2. Is a higher coefficient always better?
Not always. A higher coefficient often improves flux density, but design goals, cost, size, saturation, and gap shape still matter.
3. What units should I enter?
Enter lengths in millimeters, areas in square millimeters, flux density in tesla, and demagnetizing field or coercive force in kA/m.
4. What does the leakage factor mean?
It represents the useful portion of flux that crosses the intended air gap. Lower values mean more flux escapes through unwanted paths.
5. What does the fringing factor mean?
It increases effective gap area when flux spreads near the air gap edges. It is usually slightly above one.
6. Why compare geometry and field coefficients?
The comparison checks consistency.

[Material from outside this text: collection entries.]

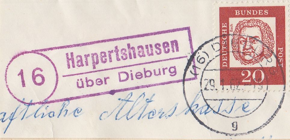 Die Gummistempel der Poststellen II sieht man meist in violetter Farbe. Aber nicht immer, es kommen auch andere (bunte) Farben vor. Hier mal am Beispiel der PSt II Harpertshausen über Dieburg. Im Laufe der Jahre in verschiedenen Farbtönen!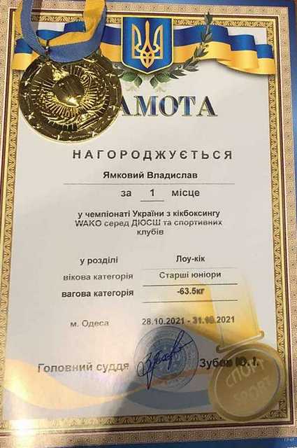 У нелегкій боротьбі Владислав виборов 1 місце місцях у змаганнях серед старших юніорів в розділі "Лоу-кік", ваговій категорії - 63,5 кг.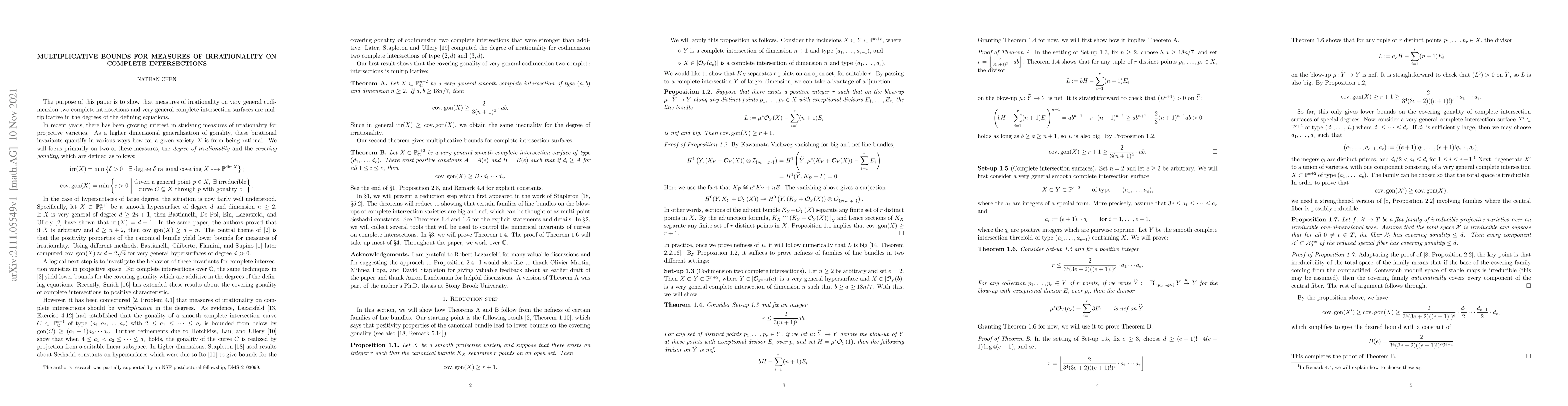 Summary: This paper establishes multiplicative bounds for measures of irrationality on codimension two complete intersections and surfaces, confirming specific cases of a conjecture. The research employs the study of numerical invariants of curves on these intersections.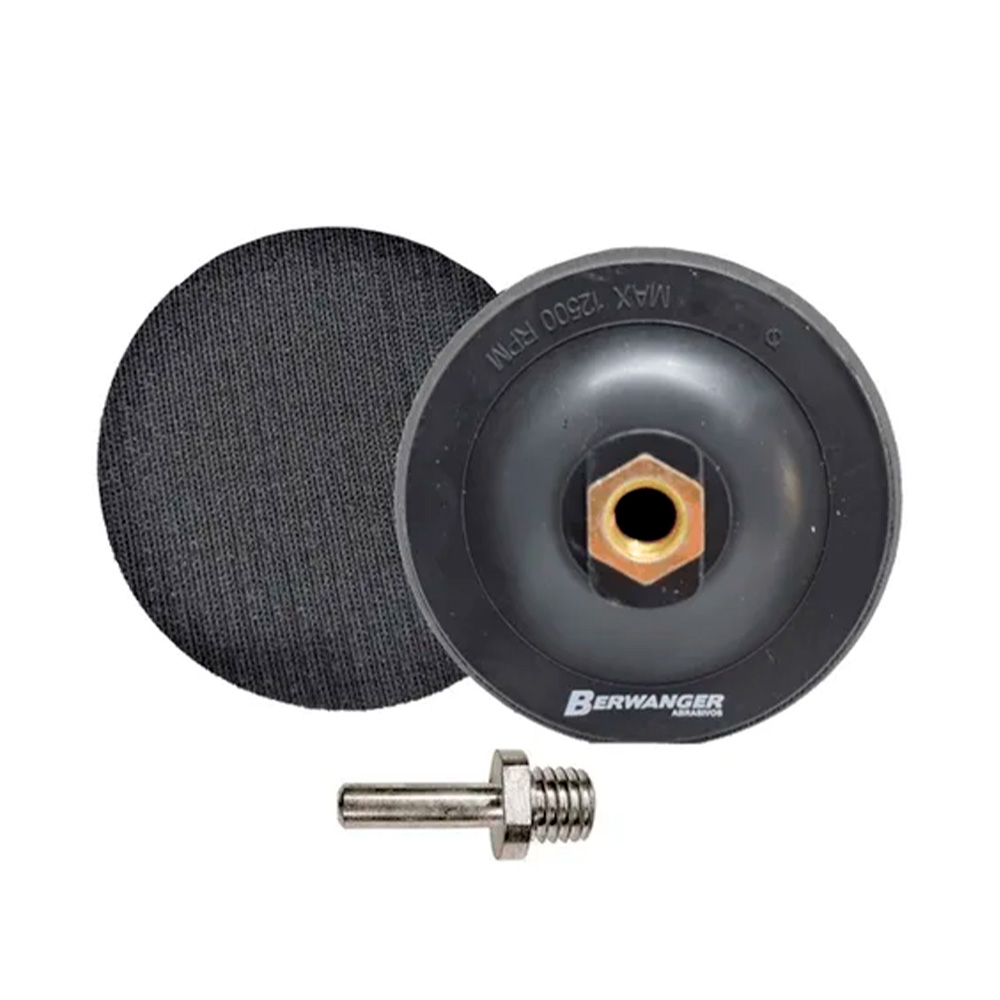 Suporte para Lixa Velcro 125mm com Borracha Flexível – Rosca M14 + Haste Adaptadora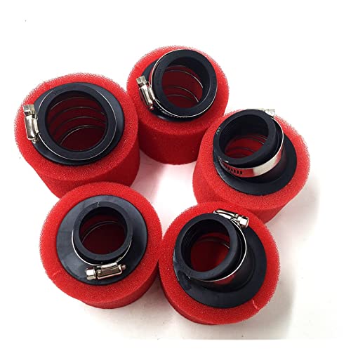 QAZAKY Universal 42mm Limpiador de filtro de aire de rendimiento de doble espuma en ángulo rojo 125cc 150cc 200cc 250cc GY6 Motocicleta ATV Scooter Quad Go Kart Ciclomotor Yamaha PZ24 41mm 43mm 1.65"

A large mismatch may point to wrong dimensions, unit errors, saturation, heavy leakage, or unrealistic material assumptions.
7. Can this replace magnetic simulation?
No. It is a fast engineering estimate. Complex shapes, saturation, nonlinear materials, and nearby steel parts should be checked by simulation or testing.
8. What is a safe coefficient range?
There is no universal range. Many designs aim above one, but safe operation depends on magnet grade, temperature, coercivity, and load conditions.